DATASET CONTENT Start Marker
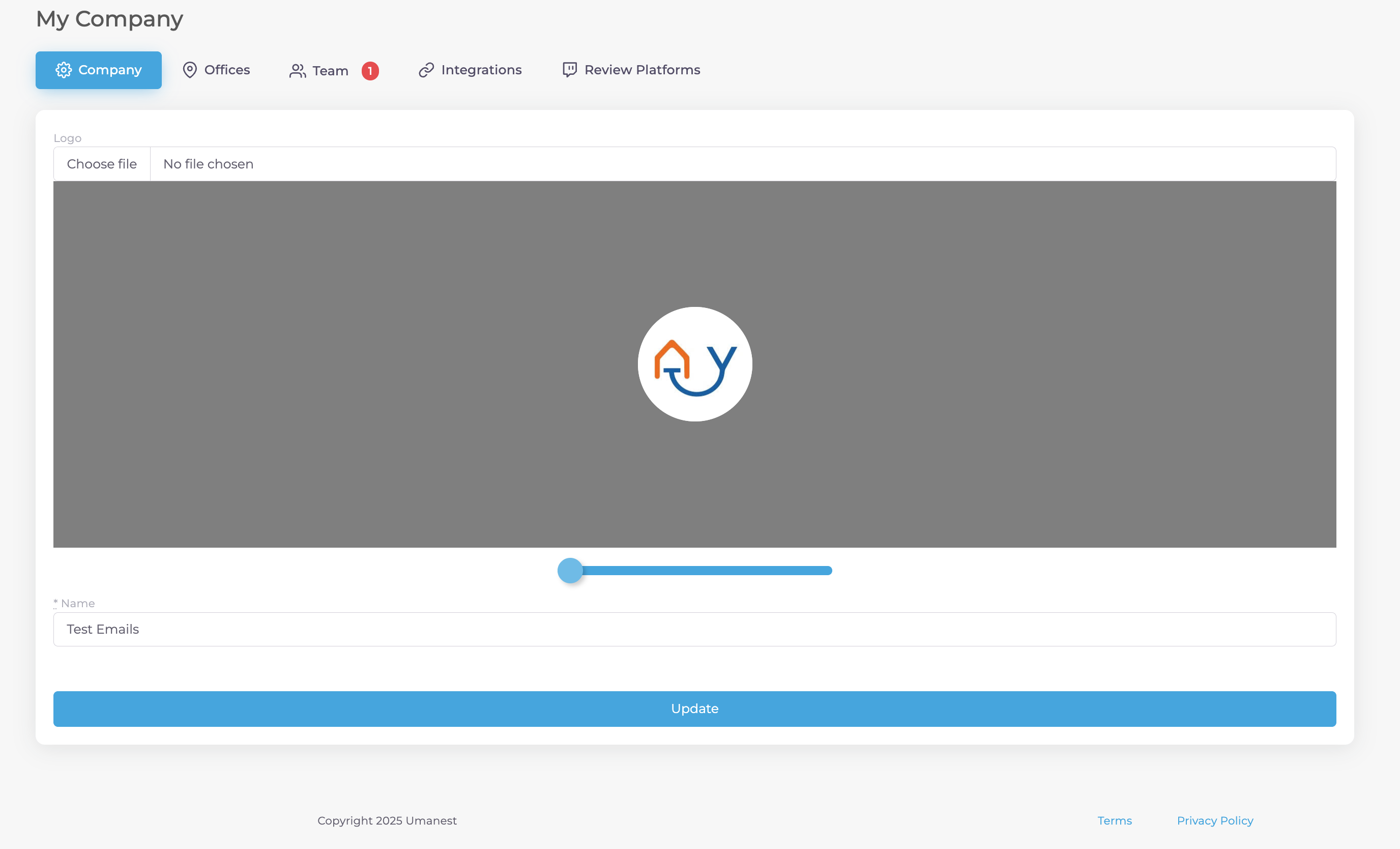 Your Company logo. This logo is used on communication made with your customers (emails and online surveys/forms) and across your multiple offices if applicable. You may also change the company name here.
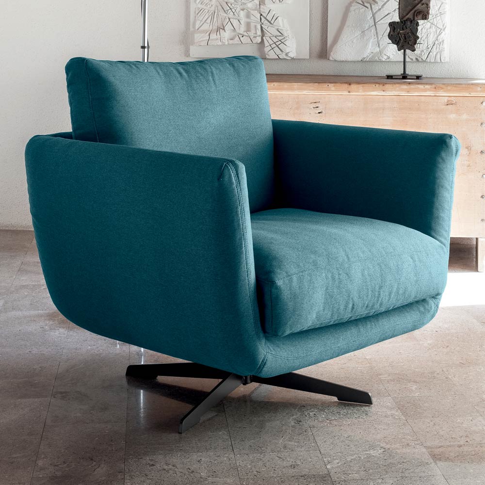 métal peint couleur anthracite. Le fauteuil représente une fusion harmonieuse entre confort et style moderne. Le design élégant aux lignes douces et arrondies évoque une sensation de confort, tandis que la structure robuste assure une durabilité dans le temps. Le revêtement en tissu de haute qualité, associé aux coussins larges et confortables, promet une expérience d'assise relaxante. Les pieds fins et géométriques ajoutent une touche sophistiquée, faisant du fauteuil une pièce de design fascinante. Ce fauteuil est idéal pour ceux qui recherchent une solution d'ameublement qui allie une esthétique moderne et un confort impeccable.
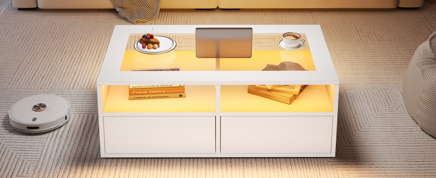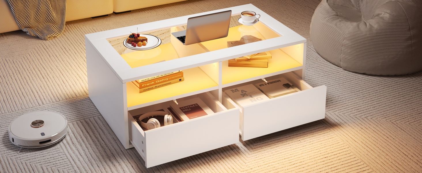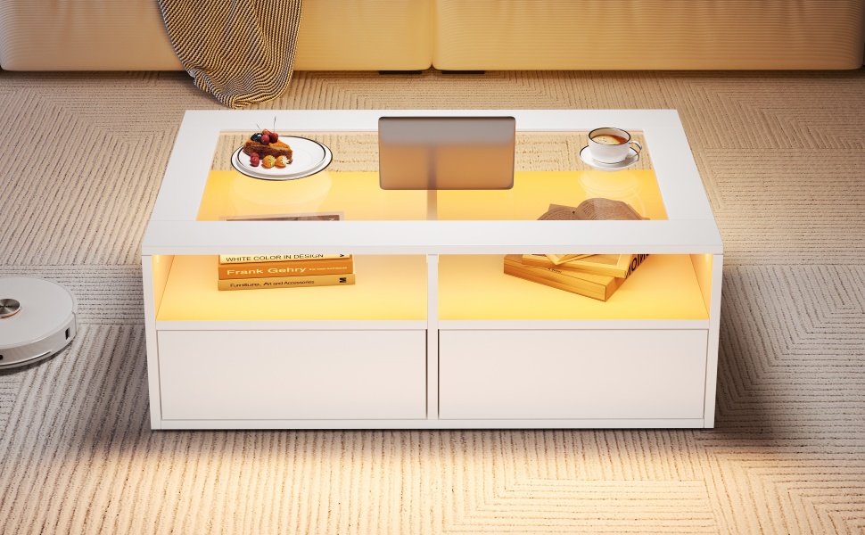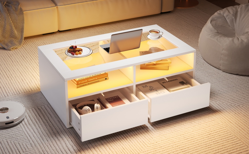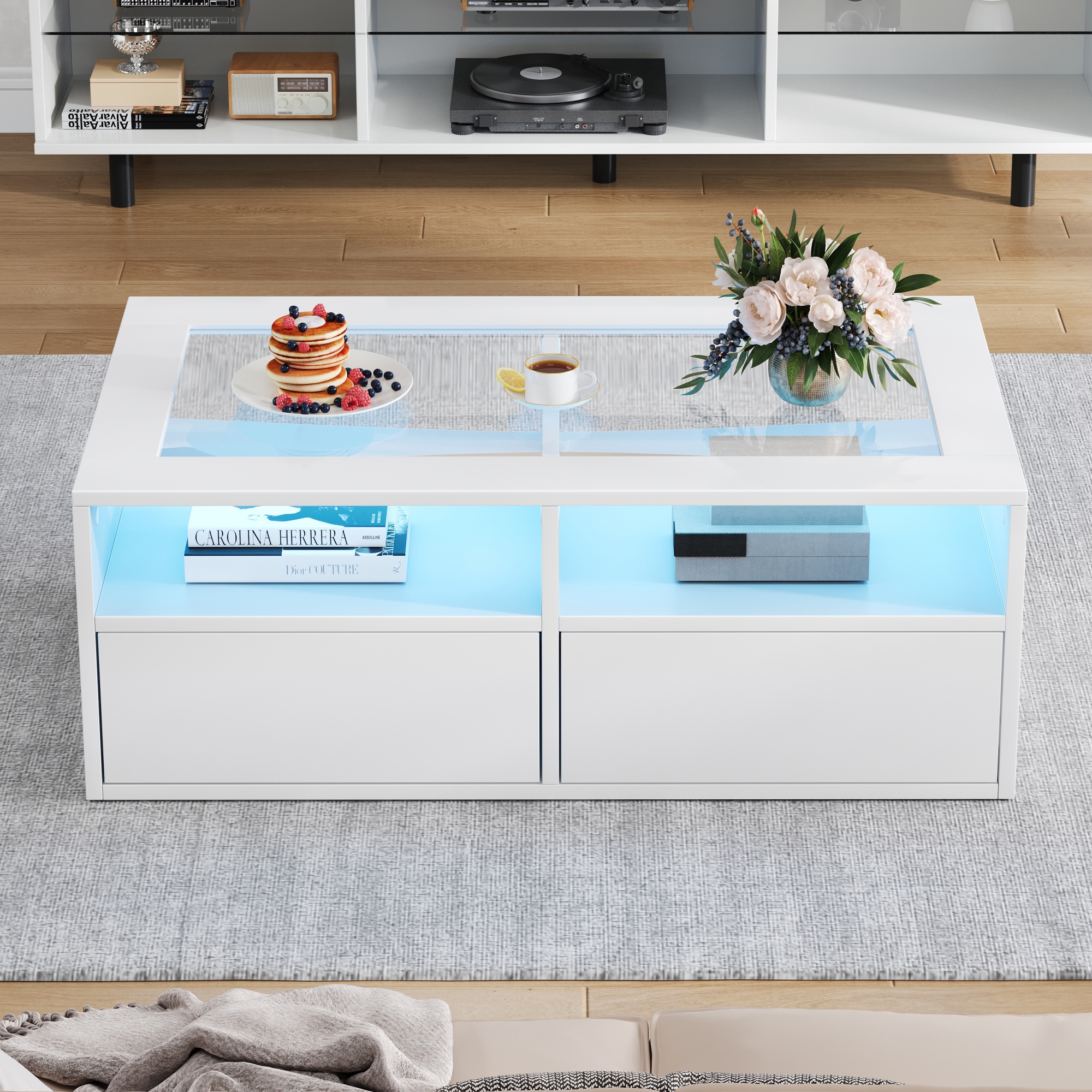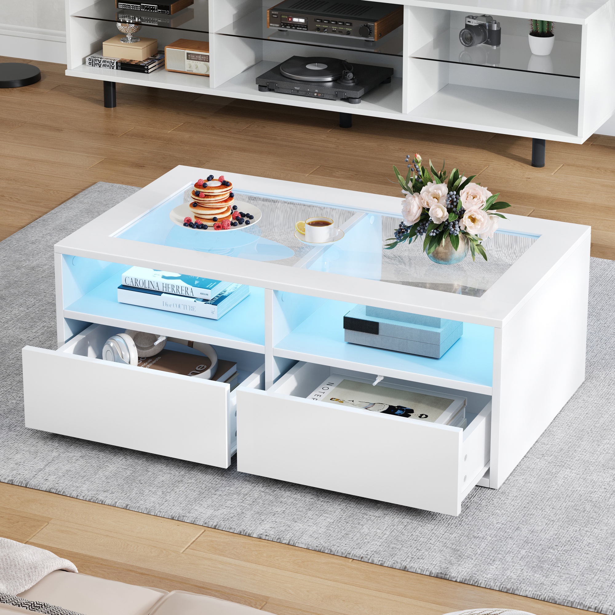 Product Name:Coffee Table with 2 drawers, Open Storage, LED lights, Centre Table with glass tabletop, Sofa Side Table , Tea Table for Living Room, Office, 100*50*35cm, White
DATASET CONTENT End Marker
### TASK DIRECTIONS:
The result should be a transcript of the lines from the line containing "métal peint couleur" through the end of the listing above, exact, inclusive, and without pictures.

### ANSWER SECTION:
 métal peint couleur anthracite. Le fauteuil représente une fusion harmonieuse entre confort et style moderne. Le design élégant aux lignes douces et arrondies évoque une sensation de confort, tandis que la structure robuste assure une durabilité dans le temps. Le revêtement en tissu de haute qualité, associé aux coussins larges et confortables, promet une expérience d'assise relaxante. Les pieds fins et géométriques ajoutent une touche sophistiquée, faisant du fauteuil une pièce de design fascinante. Ce fauteuil est idéal pour ceux qui recherchent une solution d'ameublement qui allie une esthétique moderne et un confort impeccable.
 Product Name:Coffee Table with 2 drawers, Open Storage, LED lights, Centre Table with glass tabletop, Sofa Side Table , Tea Table for Living Room, Office, 100*50*35cm, White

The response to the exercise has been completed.